Nothing but the lines from the one including "Ο ΓΔ συνέχισε" through the last line of the entries, restated exactly, should appear in the answer; omit the pictures.
__________
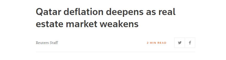 وكانت أسعار المساكن في اتجاه هبوطي قبل يونيو عندما قطعت السعودية والإمارات العربية المتحدة والبحرين ومصر العلاقات الدبلوماسية والنقل مع قطر متهمة إياها بدعم الإرهاب، غير أن العقوبات أسهمت في انزلاق الأسعار بشكل رئيسي، وهو الأمر الذي نتج عن انهيار ثقة المستثمرين وخنق الطلب بين مواطني دول الخليج الأخرى، وتشديد السيولة في النظام المصرفي.
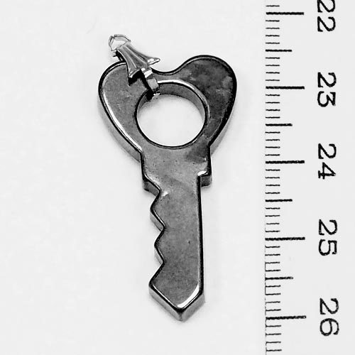 Кулон натуральный камень Гематит Ключ 0010161 с петлей и держателем 33х17х4 мм
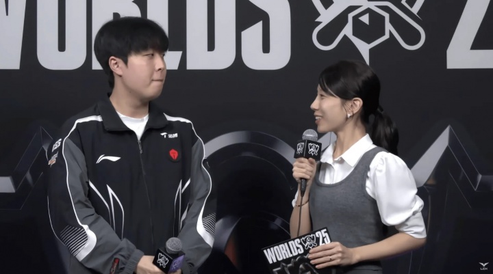 直播吧10月15日讯 2025英雄联盟全球总决赛瑞士轮第一天TES战胜G2,赛后TES打野Kanavi选手接受LCK流专访。
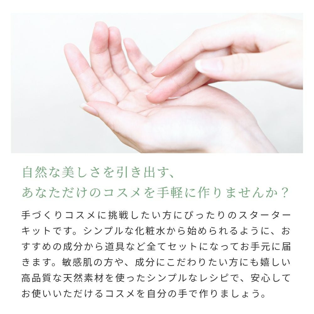手づくりコスメに挑戦したい方にぴったりのスターターキットです。シンプルな化粧水から始められるように、おすすめの成分から道具など全てセットになってお手元に届きます。敏感肌の方や、成分にこだわりたい方にも嬉しい高品質な天然素材を使ったシンプルなレシピで、安心してお使いいただけるコスメを自分の手で作りましょう。
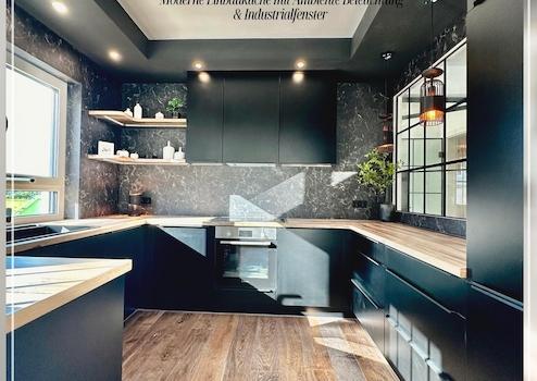 -edle Materialien wie Naturstein, Industrial-Glaselemente & Designer-Küche
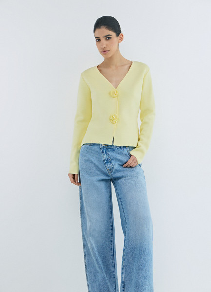 Широкие джинсы на высокой посадке в цветочный жаккард, Голубой
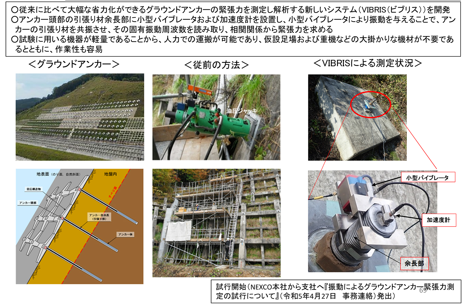 アンカー緊張力測定システムや危険度の少ない日常点検車など
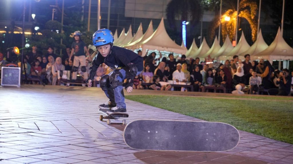 AXIALNEWS.id | Ajang Beranda Kreatif Medan, Sabtu (9/9/2023) malam di halaman depan kantor Walikota Medan diwarnai aksi olahraga skateboard. Di hadapan pengunjung, para skater (pemain skateboard) unjuk keterampilan bermain dengan papan luncurnya. Irama musik dan tataan cahaya yang apik kian menambah pesona atraksi itu.
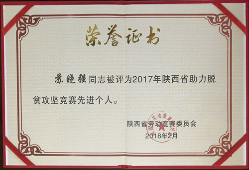 ? ? 在2018年初陜西省勞動競賽委員會開展的助力脫貧攻堅競賽中,蘇曉強同志被授予“陜西省助力脫貧攻堅競賽先進個人”榮譽稱號。
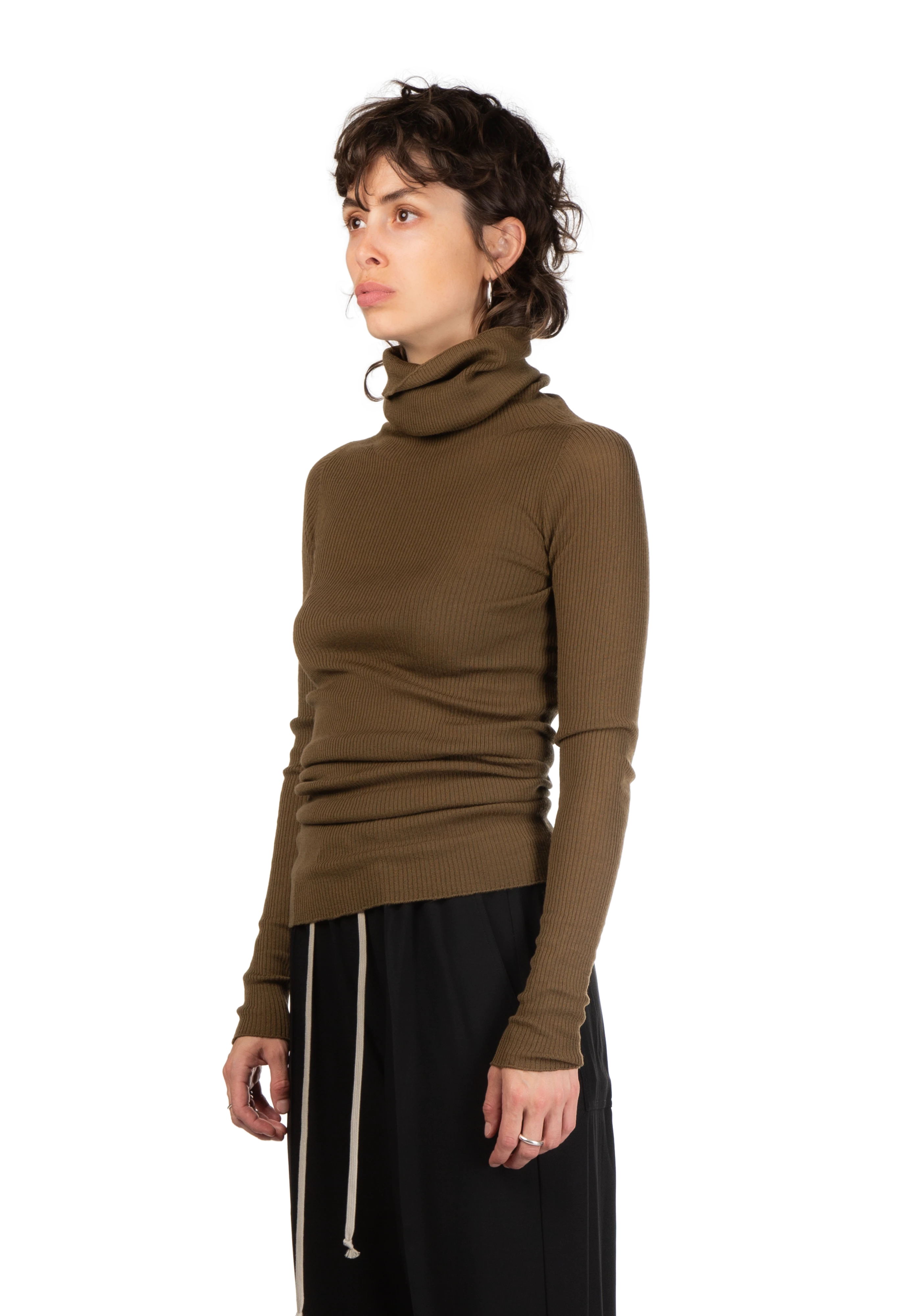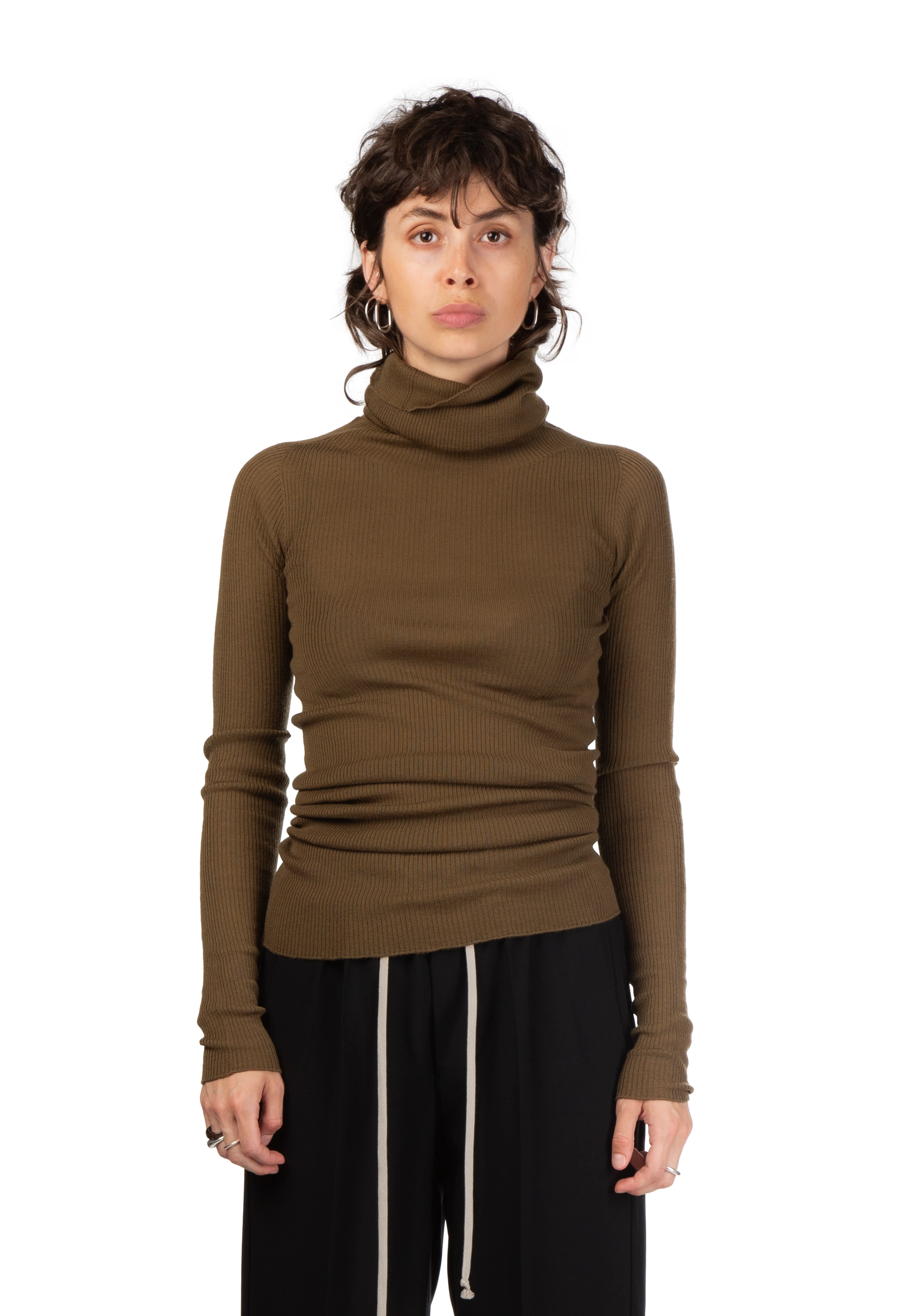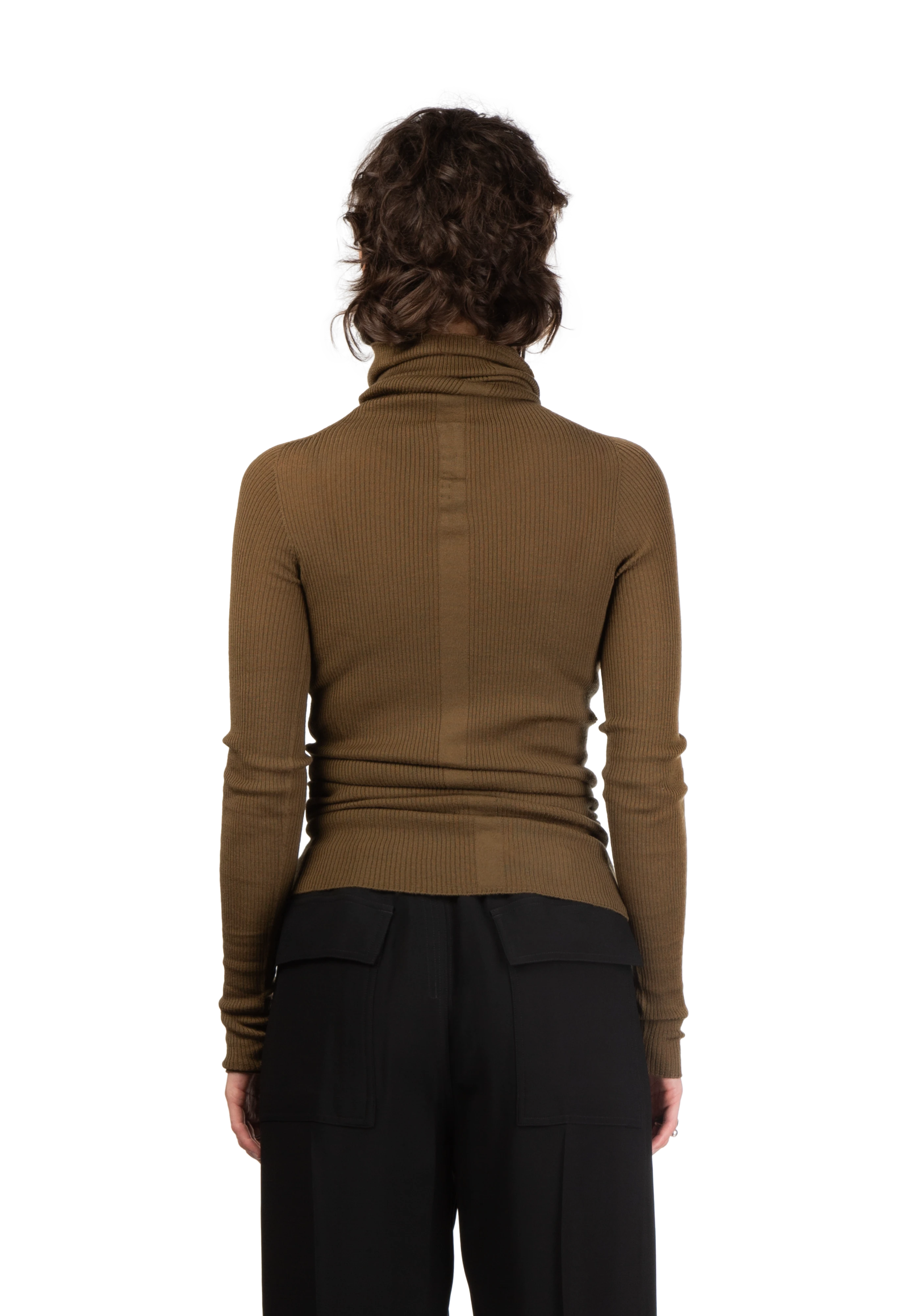 Long-sleeve viscose & silk jersey rib turleneck T-shirt in brown.
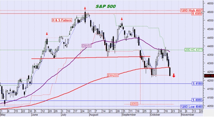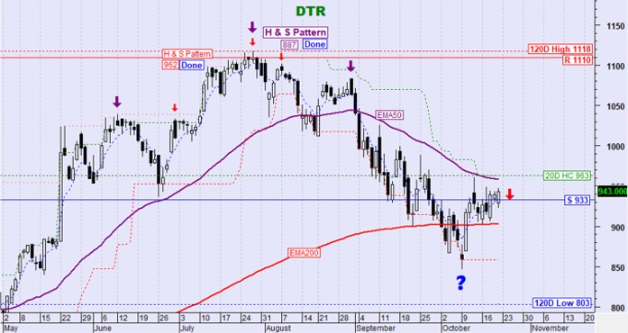 Ο ΓΔ συνέχισε ήπια καθοδικά. Διατήρησε τη στήριξη του ΕΜΑ200 και παρέμεινε εκτός της περιοχής 1020-1150 μονάδες, όμως προς το παρόν δεν υπάρχει κάποια αξιόπιστη σηματοδότηση και έτσι δεν μπορεί ακόμη να θεωρηθεί ότι η μεσοπρόθεσμη διόρθωση έχει ολοκληρωθεί στο χαμηλό της 9 Οκτ. Η μεσοπρόθεσμη τάση παραμένει καθοδική.
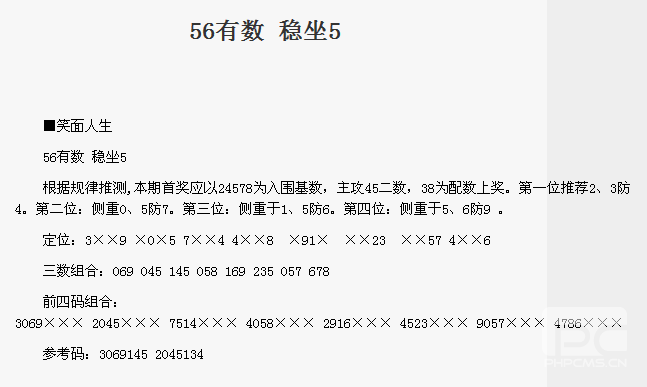 【笑面人生】第1667期预测信息<特区报>
__________
**Response for this exercise:**
 Ο ΓΔ συνέχισε ήπια καθοδικά. Διατήρησε τη στήριξη του ΕΜΑ200 και παρέμεινε εκτός της περιοχής 1020-1150 μονάδες, όμως προς το παρόν δεν υπάρχει κάποια αξιόπιστη σηματοδότηση και έτσι δεν μπορεί ακόμη να θεωρηθεί ότι η μεσοπρόθεσμη διόρθωση έχει ολοκληρωθεί στο χαμηλό της 9 Οκτ. Η μεσοπρόθεσμη τάση παραμένει καθοδική.
 【笑面人生】第1667期预测信息<特区报>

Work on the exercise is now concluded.